Records from a data collection:
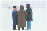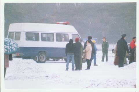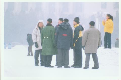 (对于横幅,当时由于离得太远没有及时拍下来,很遗憾,也由于我们也被人跟踪、盯梢、为了保全底片,我们不得不退出广场。照片由于下雪光线不足,不太鲜艳。)
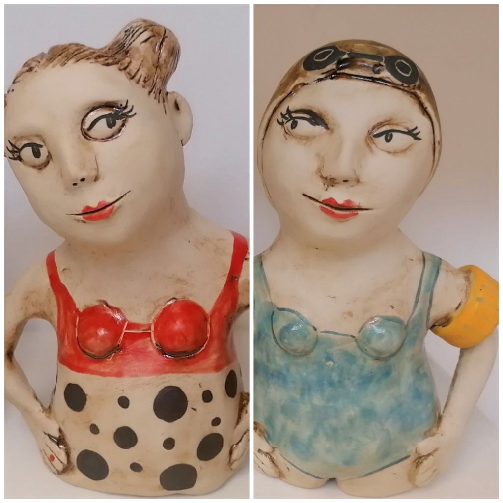 Handmade thrown pottery and sculptures, my colourful wheel thrown pottery is inspired by the sea, nature and swimmers.
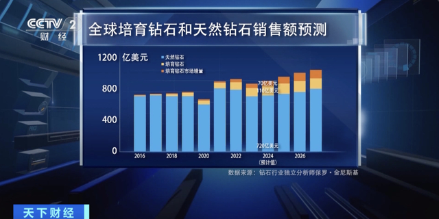 钻石行业独立分析师保罗·金尼斯基预计,2024年全球培育钻石的销售额将达到180亿美元,其中有70亿美元是对整体市场的增量,而到2026年,预计培育钻石还会给整体市场带来100亿美元(约合人民币724亿元)的增量。
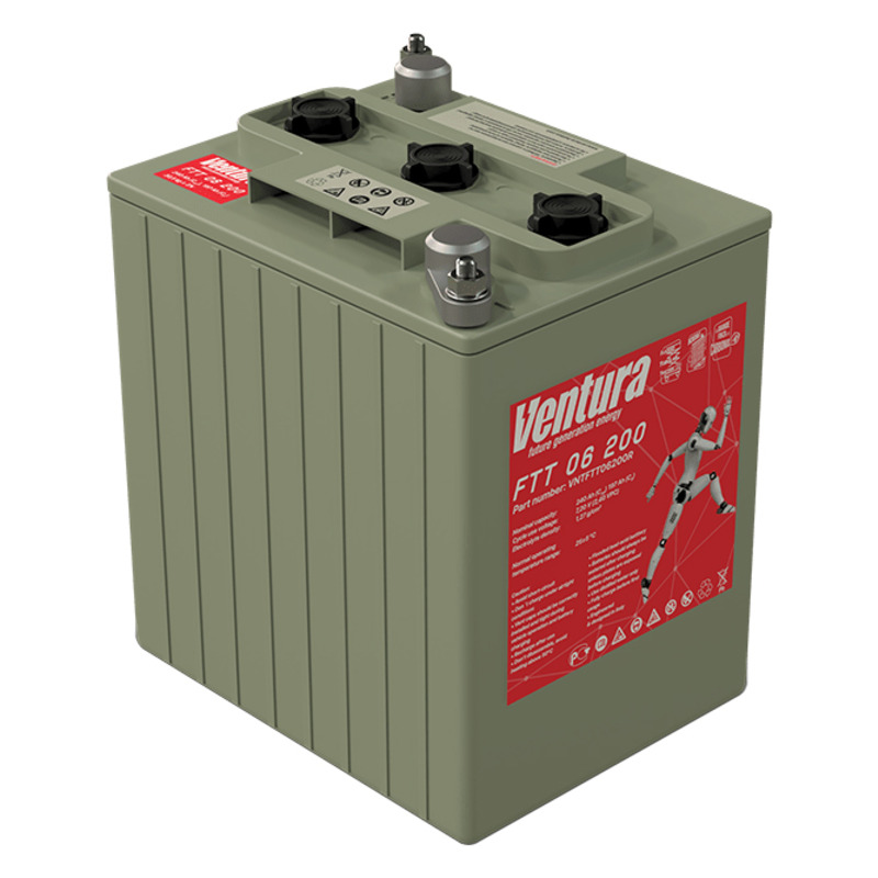Тяговый аккумулятор Ventura FFT 06 200 производится ёмкостью C5 199 Ач и напряжением 6 В с применением технологии WET. Главная особенность этой батареи — продолжительный срок службы: до 1200 циклов при DOD = 60%. Внутри тягового АКБ Ventura FFT 06 200 расположены трубчатые пластины из специального сплава. Это обеспечивает быструю подзарядку батареи за счёт низкого внутреннего сопротивления. Тяговый аккумулятор Ventura FFT 06 200 разработан специально для работы в тяжёлых условиях. Эксплуатировать батарею можно даже в экстремальных условиях.
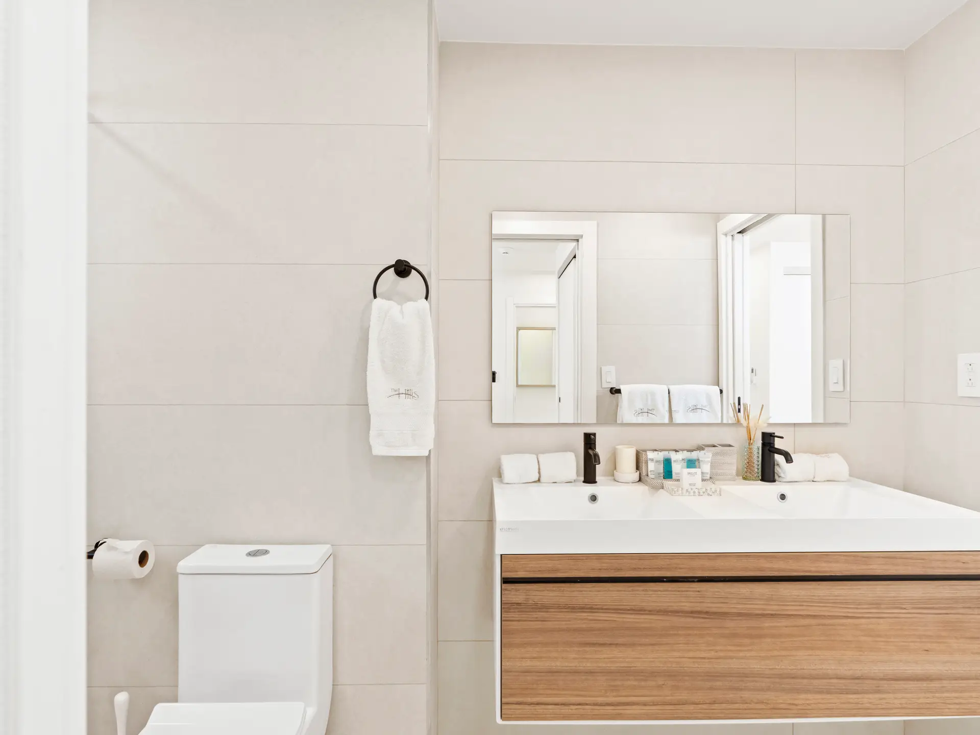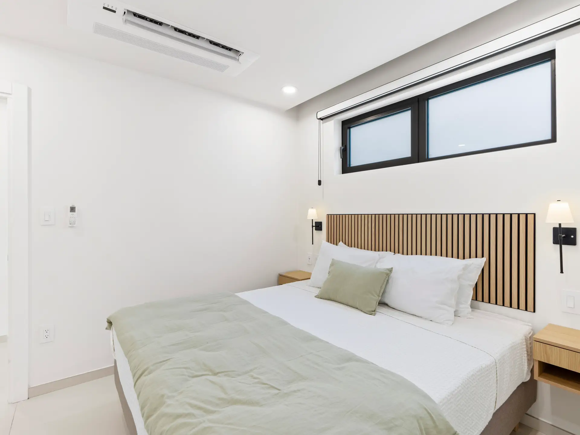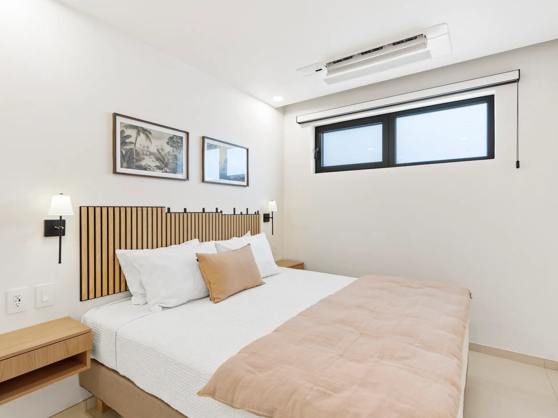 Les deux chambres sont soigneusement conçues pour offrir un maximum de confort et d’intimité. La chambre principale dispose de grandes fenêtres baignant l’espace de lumière naturelle et d’une salle de bain attenante avec une simple vasque et une luxueuse douche à effet pluie , créant ainsi un véritable havre de paix. La deuxième chambre, tout aussi chaleureuse, est idéale pour accueillir famille, amis ou invités. Elle est idéalement située à proximité de la deuxième salle de bain complète, élégamment aménagée et dotée d’équipements modernes.
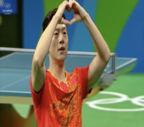 ■圖 / 2016 里約奧運(yùn)乒乓球男單決賽,馬龍奪得冠軍后,雙手比「心」繞場(chǎng)半周(圖片來(lái)源于網(wǎng)絡(luò))
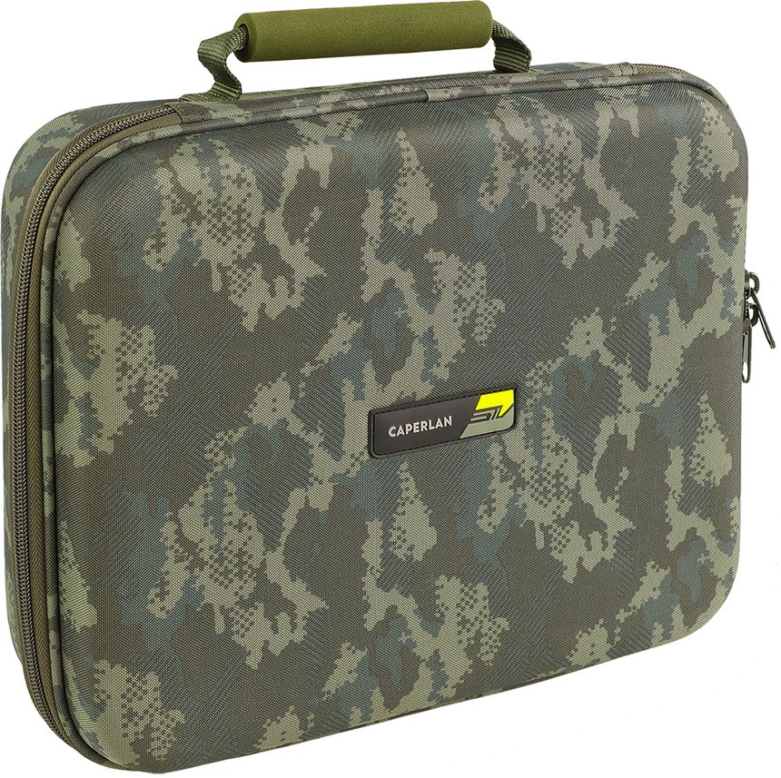 Ces deux sacs de type Carry protect de Caperlan sont entièrement coqués pour protéger efficacement votre équipement fragile et sensible. D’un joli vert avec des empiècements camouflés sur certaines faces, ils sont solides et bien ordonnés à l’intérieur. Le petit modèle comporte trois compartiments, le grand en compte cinq avec neuf poches supplémentaires.
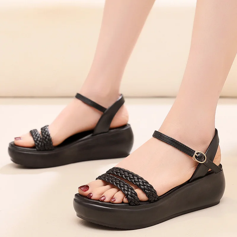 Breakj Breakj Braided Slope And Waterproof Table Beach Sandals Women's Summer Buckle Loose Cake Thick Soles Comfortable Casual Women's Shoes
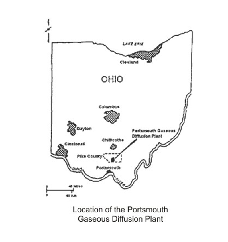 On August 12, 1952 the Atomic Energy Commission announced that the new plant would be constructed on a site in close proximity to the Scioto River, in a rural region of Pike County, Ohio approximately 22 miles north of Portsmouth, Ohio.
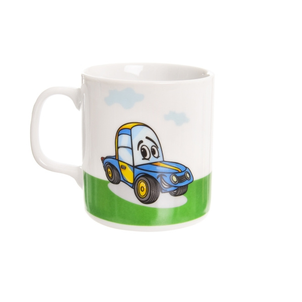 Hrnek s uchem. Materiál: porcelán. Dekor AUTO. Rozměry: objem 0,225 l, pr. 7 cm, v. 8 cm. Lze mýt v myčce na nádobí.
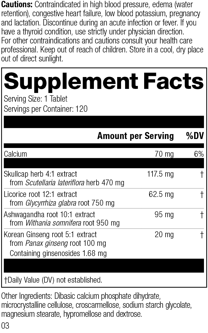 Each Serving Size (1 Tablet) contains: Calcium 70 mg, Skullcap herb 4:1 extract 117.5 mg (from Scutellaria lateriflora herb 470 mg), Licorice root 12:1 extract 62.5 mg (from Glycyrrhiza glabra root 750 mg), Ashwagandha root 10:1 extract 95 mg (from Withania somnifera root 950 mg), Korean Ginseng root 5:1 extract 20 mg (from Panax ginseng root 100 mg, Containing ginsenosides 1.68 mg). Other Ingredients: Dibasic calcium phosphate dihydrate, microcrystalline cellulose, croscarmellose, sodium starch glycolate, magnesium stearate, hypromellose and dextrose.

Task objective
Each line of the records is to be reproduced exactly, and each picture dropped.

Reply
 (对于横幅,当时由于离得太远没有及时拍下来,很遗憾,也由于我们也被人跟踪、盯梢、为了保全底片,我们不得不退出广场。照片由于下雪光线不足,不太鲜艳。)
 Handmade thrown pottery and sculptures, my colourful wheel thrown pottery is inspired by the sea, nature and swimmers.
 钻石行业独立分析师保罗·金尼斯基预计,2024年全球培育钻石的销售额将达到180亿美元,其中有70亿美元是对整体市场的增量,而到2026年,预计培育钻石还会给整体市场带来100亿美元(约合人民币724亿元)的增量。
Тяговый аккумулятор Ventura FFT 06 200 производится ёмкостью C5 199 Ач и напряжением 6 В с применением технологии WET. Главная особенность этой батареи — продолжительный срок службы: до 1200 циклов при DOD = 60%. Внутри тягового АКБ Ventura FFT 06 200 расположены трубчатые пластины из специального сплава. Это обеспечивает быструю подзарядку батареи за счёт низкого внутреннего сопротивления. Тяговый аккумулятор Ventura FFT 06 200 разработан специально для работы в тяжёлых условиях. Эксплуатировать батарею можно даже в экстремальных условиях.
 Les deux chambres sont soigneusement conçues pour offrir un maximum de confort et d’intimité. La chambre principale dispose de grandes fenêtres baignant l’espace de lumière naturelle et d’une salle de bain attenante avec une simple vasque et une luxueuse douche à effet pluie , créant ainsi un véritable havre de paix. La deuxième chambre, tout aussi chaleureuse, est idéale pour accueillir famille, amis ou invités. Elle est idéalement située à proximité de la deuxième salle de bain complète, élégamment aménagée et dotée d’équipements modernes.
 ■圖 / 2016 里約奧運(yùn)乒乓球男單決賽,馬龍奪得冠軍后,雙手比「心」繞場(chǎng)半周(圖片來(lái)源于網(wǎng)絡(luò))
 Ces deux sacs de type Carry protect de Caperlan sont entièrement coqués pour protéger efficacement votre équipement fragile et sensible. D’un joli vert avec des empiècements camouflés sur certaines faces, ils sont solides et bien ordonnés à l’intérieur. Le petit modèle comporte trois compartiments, le grand en compte cinq avec neuf poches supplémentaires.
 Breakj Breakj Braided Slope And Waterproof Table Beach Sandals Women's Summer Buckle Loose Cake Thick Soles Comfortable Casual Women's Shoes
 On August 12, 1952 the Atomic Energy Commission announced that the new plant would be constructed on a site in close proximity to the Scioto River, in a rural region of Pike County, Ohio approximately 22 miles north of Portsmouth, Ohio.
 Hrnek s uchem. Materiál: porcelán. Dekor AUTO. Rozměry: objem 0,225 l, pr. 7 cm, v. 8 cm. Lze mýt v myčce na nádobí.
 Each Serving Size (1 Tablet) contains: Calcium 70 mg, Skullcap herb 4:1 extract 117.5 mg (from Scutellaria lateriflora herb 470 mg), Licorice root 12:1 extract 62.5 mg (from Glycyrrhiza glabra root 750 mg), Ashwagandha root 10:1 extract 95 mg (from Withania somnifera root 950 mg), Korean Ginseng root 5:1 extract 20 mg (from Panax ginseng root 100 mg, Containing ginsenosides 1.68 mg). Other Ingredients: Dibasic calcium phosphate dihydrate, microcrystalline cellulose, croscarmellose, sodium starch glycolate, magnesium stearate, hypromellose and dextrose.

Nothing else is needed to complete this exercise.